Tag: daily life

  • A Day of Rest

    Having a public holiday in the middle of the week is always quite fun. We visited Clarice’s parents today, with my parents, and it was a nice catch up. Then we went over to Holland Village for lunch, and again, I napped mid day.

    My sleep in the morning has been quite scheduled– I keep waking at 630 and 730, which are my alarm timings. Despite a late night the day before, my body is just awake, and I am moving around getting things done. I do get tired half way through the day, but if I’m in office, the conversations go on, so I don’t have the feeling of napping.

    I am also constantly thinking about the range of people I have to catch up with in the weeks ahead, and scheduling a lot of these meetings in. Maybe that’s what wakes me in the morning.

    Anyway, we had leftovers tonight, and finished up Harry Potter and the Deathly Hallows Part 1. It’s interesting watching Harry Potter when you’re older, and the effects are still as cool to watch. I hope one day I’ll get to watch these shows with my baby.
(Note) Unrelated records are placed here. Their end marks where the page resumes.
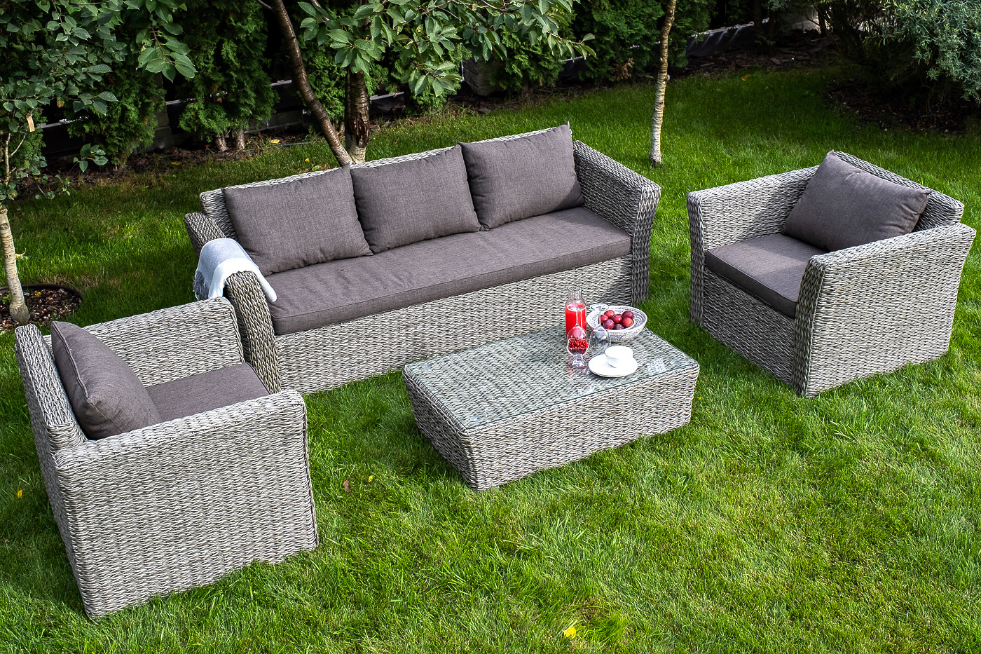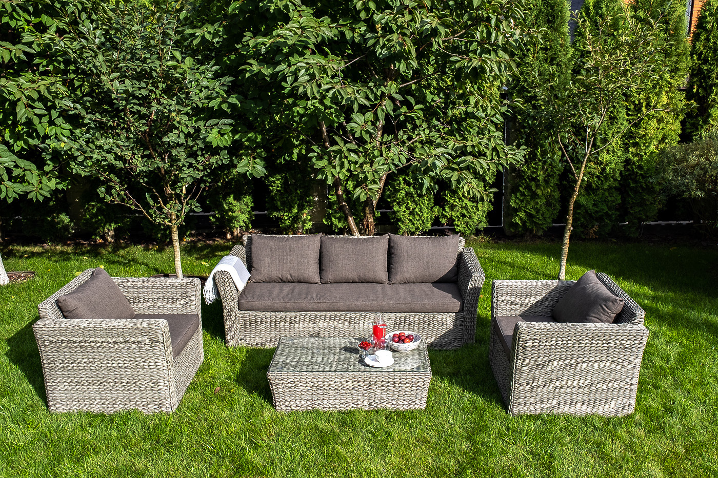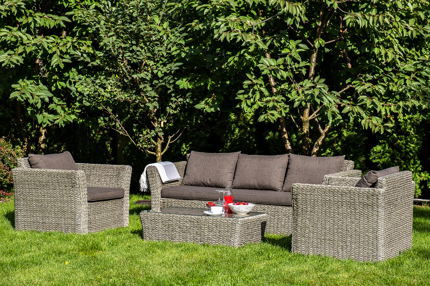 "Капучино" лаунж-зона из искусственного ротанга (гиацинт), цвет серый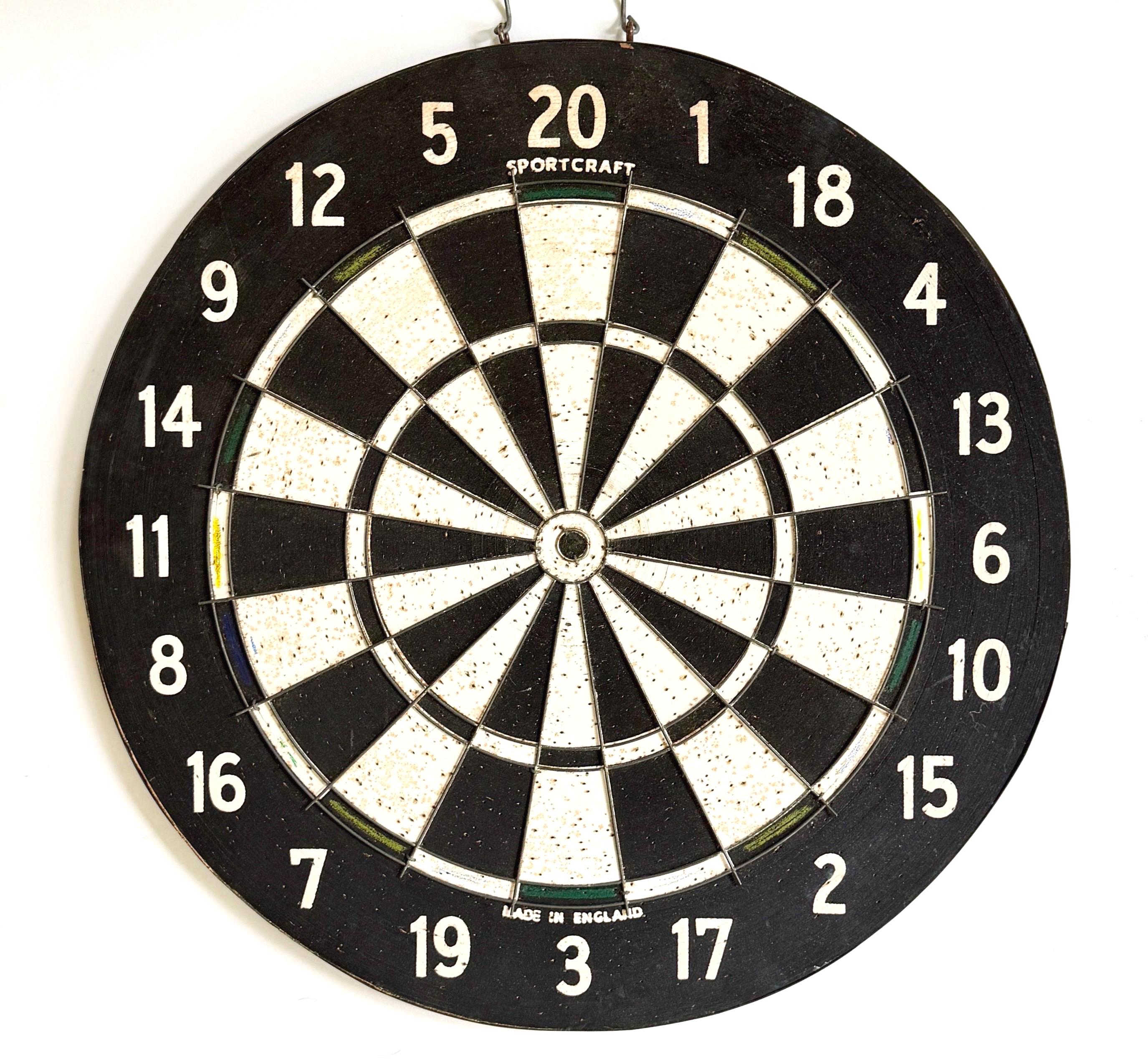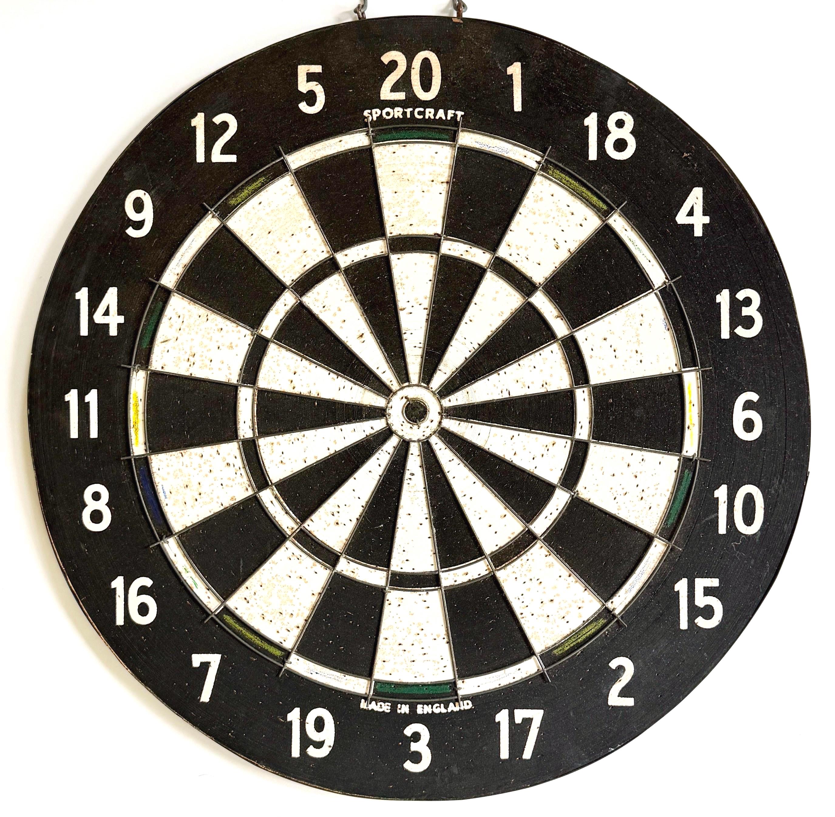 Vintage English Dart Board 40s 50s Made in England Double Sided 17.75"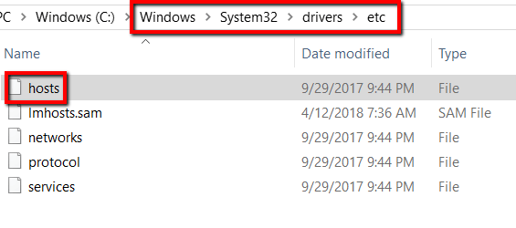 Another option is to edit the hosts file. To make this happen, go to Windows > System32 > drivers > etc. Right-click on the **hosts **file.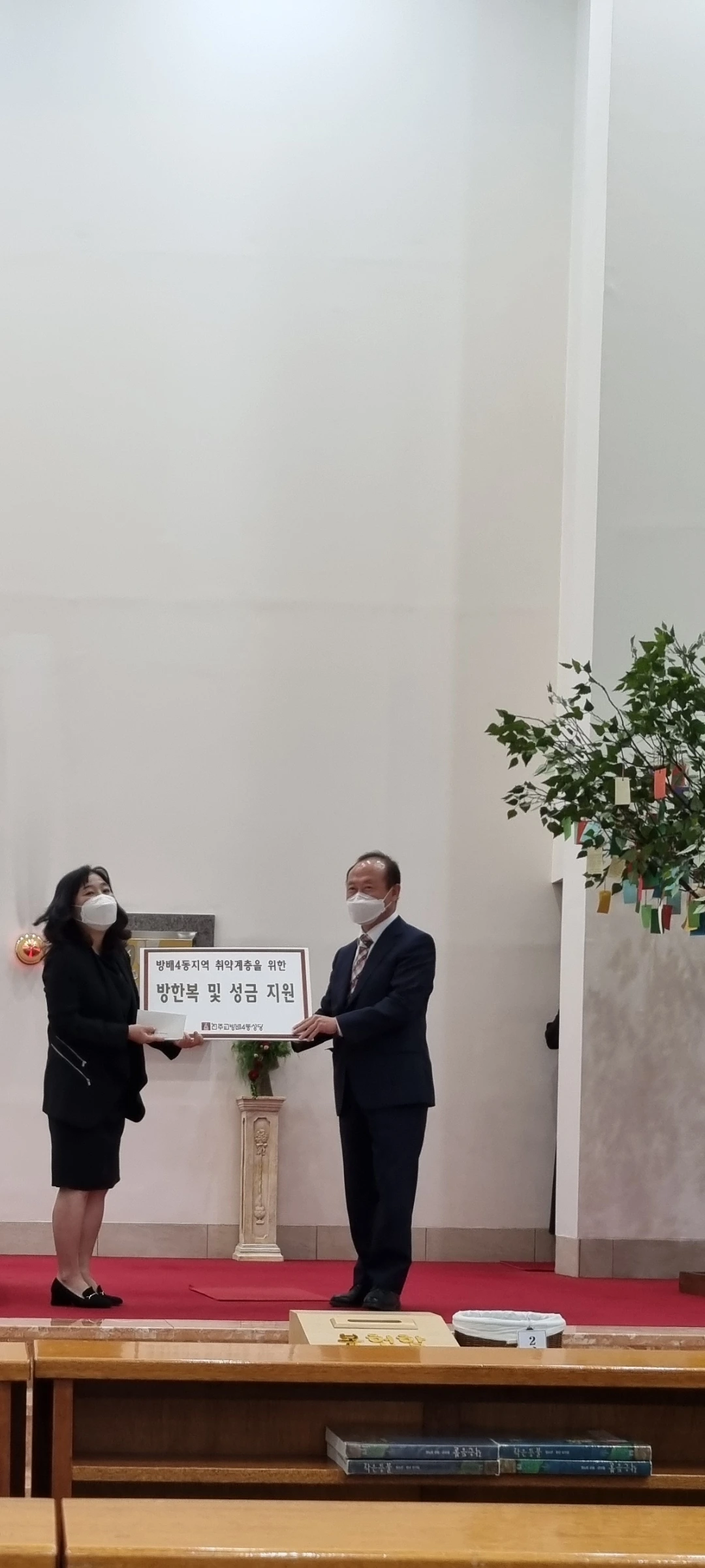 전례 후, 신부님의 사회로 사목회장님과 지역센터장이신 동장님이 강단에 올라오셨다. 지역사회 취약계층을 위한 방한복 한 트럭과 성금을 전달하는 것으로 미사가 끝났다.

    or babies, if we have another few.

  • Serendipitous

    It’s another night of me writing these posts on my phone. I can’t type well with one hand even though I have the right keyboards to even attempt it. But it’s also because I give my finger a bit of time to just breathe. It gets waterlogged from the day of plaster use.


    There’s many times in my life when things happen in a series of events, almost as if it’s a movie. Based on my Christian beliefs, that’s where I know God is working through or talking to me through it. A non Christian might call it a serendipitous moment, and I don’t mind it, but I like the idea of God of the universe speaking directly to me a little more. There are definitely times when I know it’s 100% true. Today was one of the times.

    I was questioning many things in my head. Work and vocation thoughts, thoughts about friends and colleagues moving away, and I guess just the passing of time in life. And I even thought, man the work I have to prepare for today is so meaningless.

    The work was to present a teaching session for a Bible teaching, and I wasn’t sure of the place of it in my day to day work. I didn’t really grumble but I just did it with enough effort. Usually I would give 110%, but I gave it 100%; something like that.

    Immediately after the session I reflected, and I realized “meaningless work” was exactly what I had been struggling with through the weekend. I was thinking of next steps, and what else I would end up doing especially with life getting busier and me getting older. This teaching was exactly it. I could not have imagined a better answer for a question that was running in my head for so long.

    In any case, super big revelation, and I’m really glad life has continued in its trajectory. I guess I will see where else God leads me to, and gladly appreciate the serendipitous moments with the God of the universe.